### What you are asked to do
Word for word, quote the lines from the one containing "90 calibre disposable" to the end of the entries below, including both. Leave pictures out.

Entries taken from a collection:
################

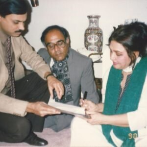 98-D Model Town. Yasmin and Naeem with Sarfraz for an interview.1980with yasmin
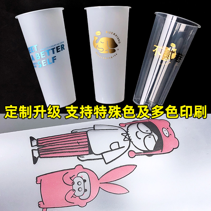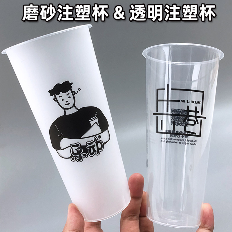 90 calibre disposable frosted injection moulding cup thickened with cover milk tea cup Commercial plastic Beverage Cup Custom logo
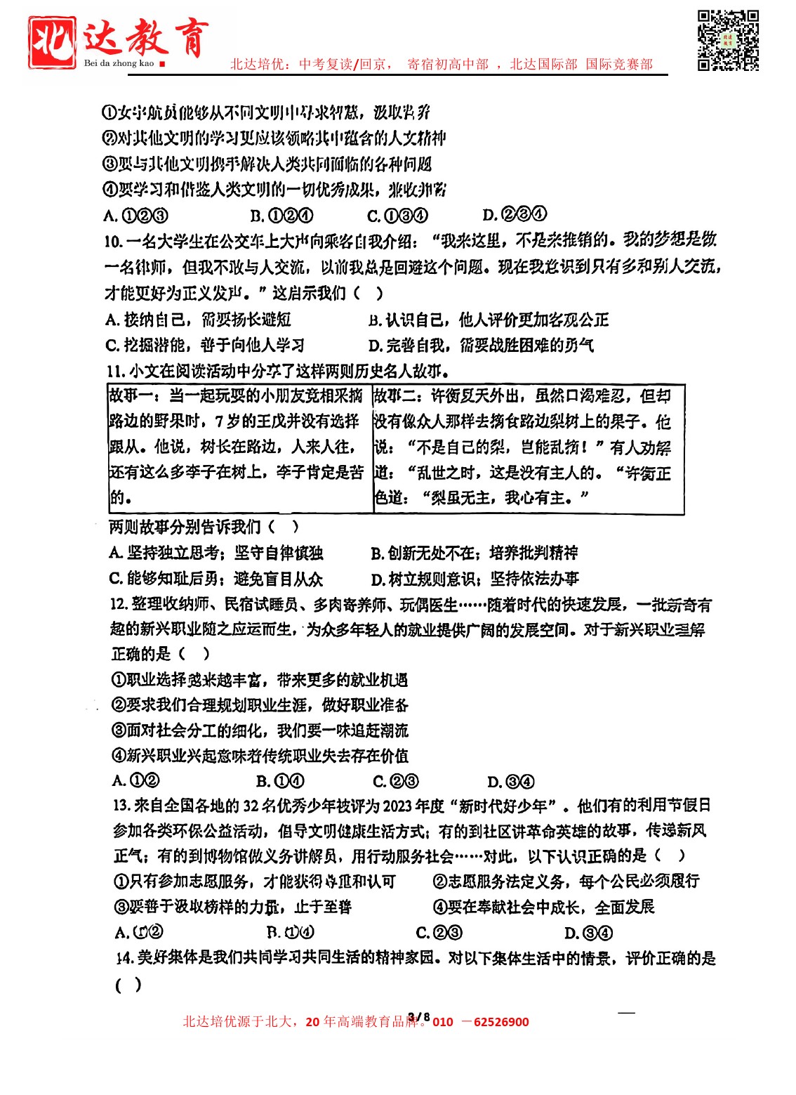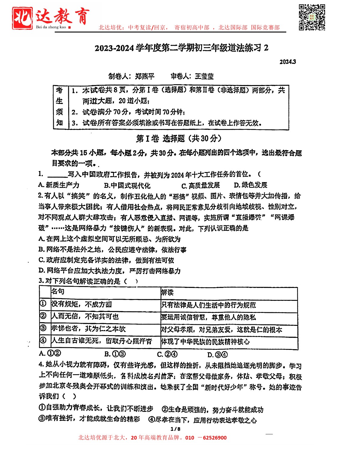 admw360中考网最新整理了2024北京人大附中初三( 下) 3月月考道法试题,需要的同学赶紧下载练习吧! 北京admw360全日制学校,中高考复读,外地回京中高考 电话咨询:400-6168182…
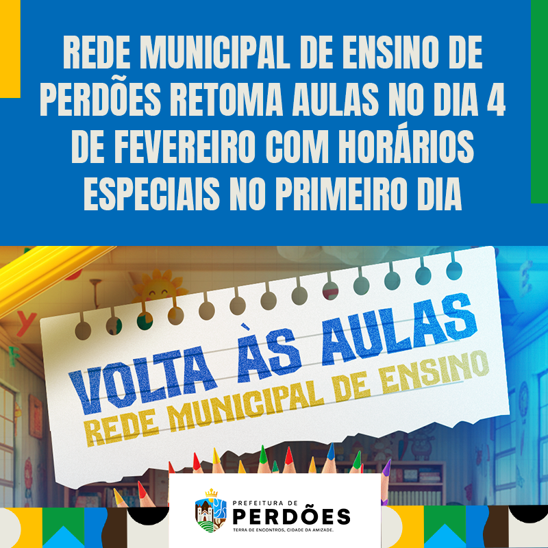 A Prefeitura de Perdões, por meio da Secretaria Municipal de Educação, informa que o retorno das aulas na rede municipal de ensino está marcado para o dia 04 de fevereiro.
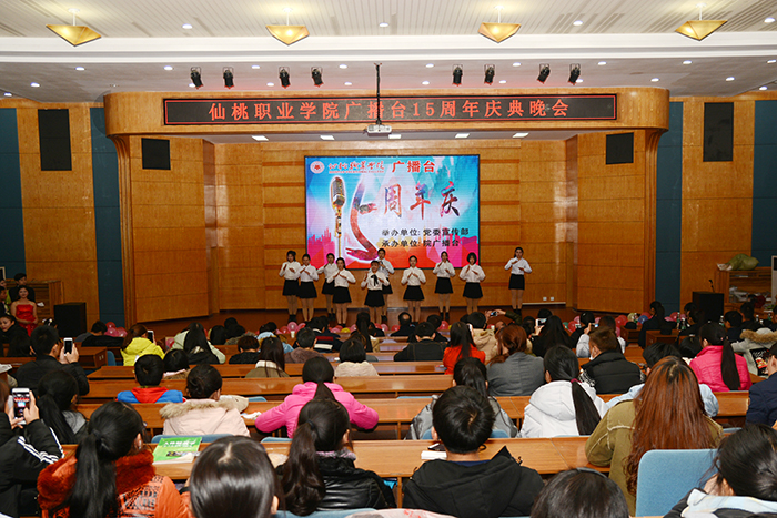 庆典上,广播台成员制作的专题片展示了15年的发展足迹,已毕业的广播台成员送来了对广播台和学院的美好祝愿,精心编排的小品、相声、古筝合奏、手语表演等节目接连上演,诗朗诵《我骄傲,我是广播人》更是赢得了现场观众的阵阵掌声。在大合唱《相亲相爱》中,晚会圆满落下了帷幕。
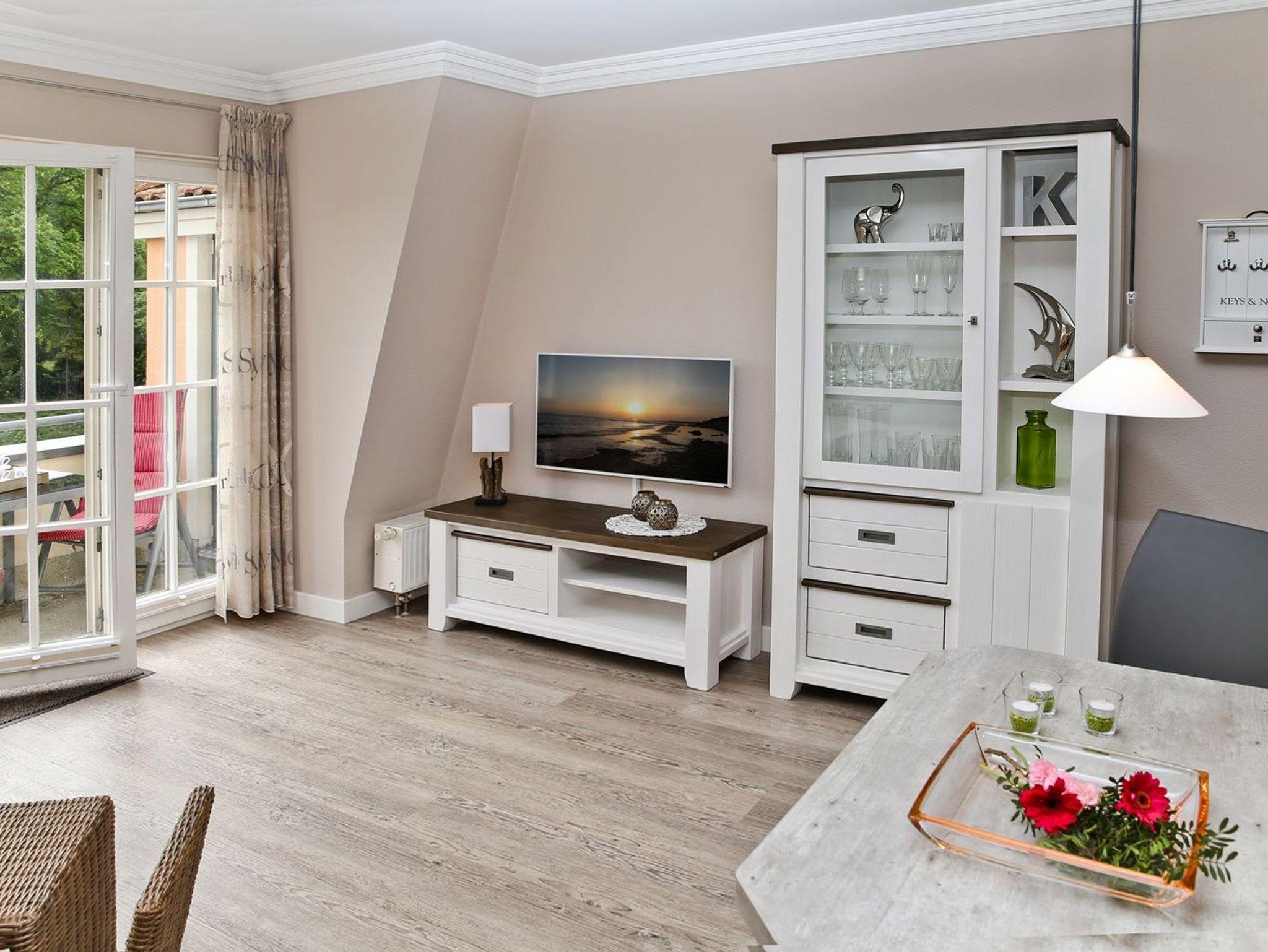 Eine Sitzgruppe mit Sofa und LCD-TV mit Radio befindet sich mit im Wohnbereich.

################

### Expected answer
 90 calibre disposable frosted injection moulding cup thickened with cover milk tea cup Commercial plastic Beverage Cup Custom logo
 admw360中考网最新整理了2024北京人大附中初三( 下) 3月月考道法试题,需要的同学赶紧下载练习吧! 北京admw360全日制学校,中高考复读,外地回京中高考 电话咨询:400-6168182…
 A Prefeitura de Perdões, por meio da Secretaria Municipal de Educação, informa que o retorno das aulas na rede municipal de ensino está marcado para o dia 04 de fevereiro.
 庆典上,广播台成员制作的专题片展示了15年的发展足迹,已毕业的广播台成员送来了对广播台和学院的美好祝愿,精心编排的小品、相声、古筝合奏、手语表演等节目接连上演,诗朗诵《我骄傲,我是广播人》更是赢得了现场观众的阵阵掌声。在大合唱《相亲相爱》中,晚会圆满落下了帷幕。
 Eine Sitzgruppe mit Sofa und LCD-TV mit Radio befindet sich mit im Wohnbereich.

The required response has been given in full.